■ **Task details**:
Print exactly the first lines of the records. Stop after the line containing "Die Begeisterung für", and leave every picture out.

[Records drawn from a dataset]
------------------------

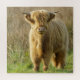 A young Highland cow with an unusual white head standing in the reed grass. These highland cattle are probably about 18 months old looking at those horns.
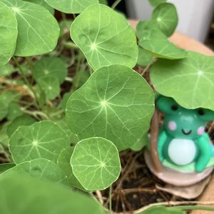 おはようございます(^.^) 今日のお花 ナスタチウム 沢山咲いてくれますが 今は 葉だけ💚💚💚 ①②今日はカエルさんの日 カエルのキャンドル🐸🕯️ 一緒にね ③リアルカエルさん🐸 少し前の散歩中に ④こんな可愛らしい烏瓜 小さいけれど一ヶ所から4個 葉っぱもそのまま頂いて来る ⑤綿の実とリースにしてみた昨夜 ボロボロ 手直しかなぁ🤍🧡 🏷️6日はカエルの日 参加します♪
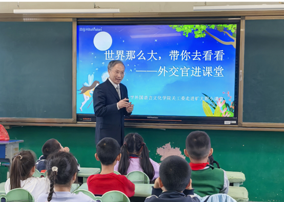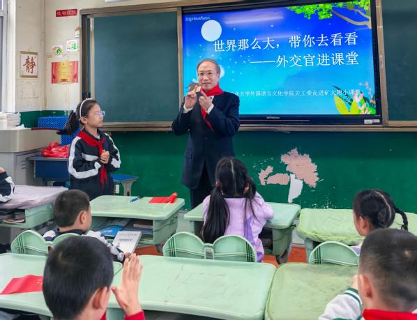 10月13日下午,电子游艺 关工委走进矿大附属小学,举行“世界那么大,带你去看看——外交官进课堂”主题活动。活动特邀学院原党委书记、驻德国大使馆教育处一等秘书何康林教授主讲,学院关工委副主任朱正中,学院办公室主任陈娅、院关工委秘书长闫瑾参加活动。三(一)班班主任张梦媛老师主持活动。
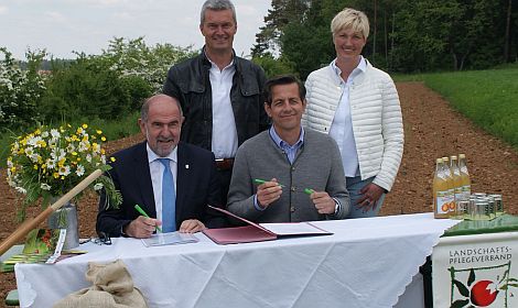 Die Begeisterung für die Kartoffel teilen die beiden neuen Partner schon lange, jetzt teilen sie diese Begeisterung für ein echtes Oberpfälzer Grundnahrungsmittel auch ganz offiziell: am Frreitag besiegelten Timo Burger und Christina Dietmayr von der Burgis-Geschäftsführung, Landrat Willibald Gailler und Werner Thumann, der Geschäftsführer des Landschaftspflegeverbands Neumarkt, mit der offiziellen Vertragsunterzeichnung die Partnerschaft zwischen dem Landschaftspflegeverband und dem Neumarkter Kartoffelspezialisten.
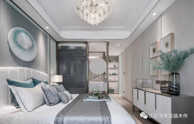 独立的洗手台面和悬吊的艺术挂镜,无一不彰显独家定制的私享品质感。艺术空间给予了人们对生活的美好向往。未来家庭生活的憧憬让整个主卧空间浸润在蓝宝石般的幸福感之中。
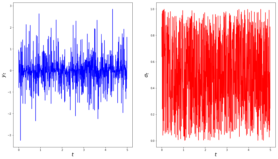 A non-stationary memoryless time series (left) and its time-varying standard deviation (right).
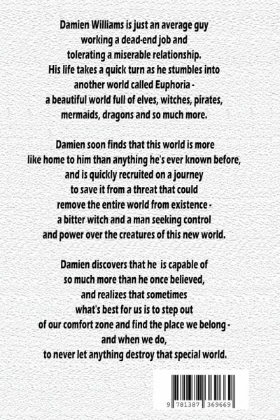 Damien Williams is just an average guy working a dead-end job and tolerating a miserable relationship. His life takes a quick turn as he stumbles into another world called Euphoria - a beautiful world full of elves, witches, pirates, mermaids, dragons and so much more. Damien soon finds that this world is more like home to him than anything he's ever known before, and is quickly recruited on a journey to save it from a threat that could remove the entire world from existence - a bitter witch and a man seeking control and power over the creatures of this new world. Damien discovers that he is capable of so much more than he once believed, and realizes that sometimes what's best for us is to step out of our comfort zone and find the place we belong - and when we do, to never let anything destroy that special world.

------------------------

■ **Answer to this task**:
 A young Highland cow with an unusual white head standing in the reed grass. These highland cattle are probably about 18 months old looking at those horns.
 おはようございます(^.^) 今日のお花 ナスタチウム 沢山咲いてくれますが 今は 葉だけ💚💚💚 ①②今日はカエルさんの日 カエルのキャンドル🐸🕯️ 一緒にね ③リアルカエルさん🐸 少し前の散歩中に ④こんな可愛らしい烏瓜 小さいけれど一ヶ所から4個 葉っぱもそのまま頂いて来る ⑤綿の実とリースにしてみた昨夜 ボロボロ 手直しかなぁ🤍🧡 🏷️6日はカエルの日 参加します♪
 10月13日下午,电子游艺 关工委走进矿大附属小学,举行“世界那么大,带你去看看——外交官进课堂”主题活动。活动特邀学院原党委书记、驻德国大使馆教育处一等秘书何康林教授主讲,学院关工委副主任朱正中,学院办公室主任陈娅、院关工委秘书长闫瑾参加活动。三(一)班班主任张梦媛老师主持活动。
 Die Begeisterung für die Kartoffel teilen die beiden neuen Partner schon lange, jetzt teilen sie diese Begeisterung für ein echtes Oberpfälzer Grundnahrungsmittel auch ganz offiziell: am Frreitag besiegelten Timo Burger und Christina Dietmayr von der Burgis-Geschäftsführung, Landrat Willibald Gailler und Werner Thumann, der Geschäftsführer des Landschaftspflegeverbands Neumarkt, mit der offiziellen Vertragsunterzeichnung die Partnerschaft zwischen dem Landschaftspflegeverband und dem Neumarkter Kartoffelspezialisten.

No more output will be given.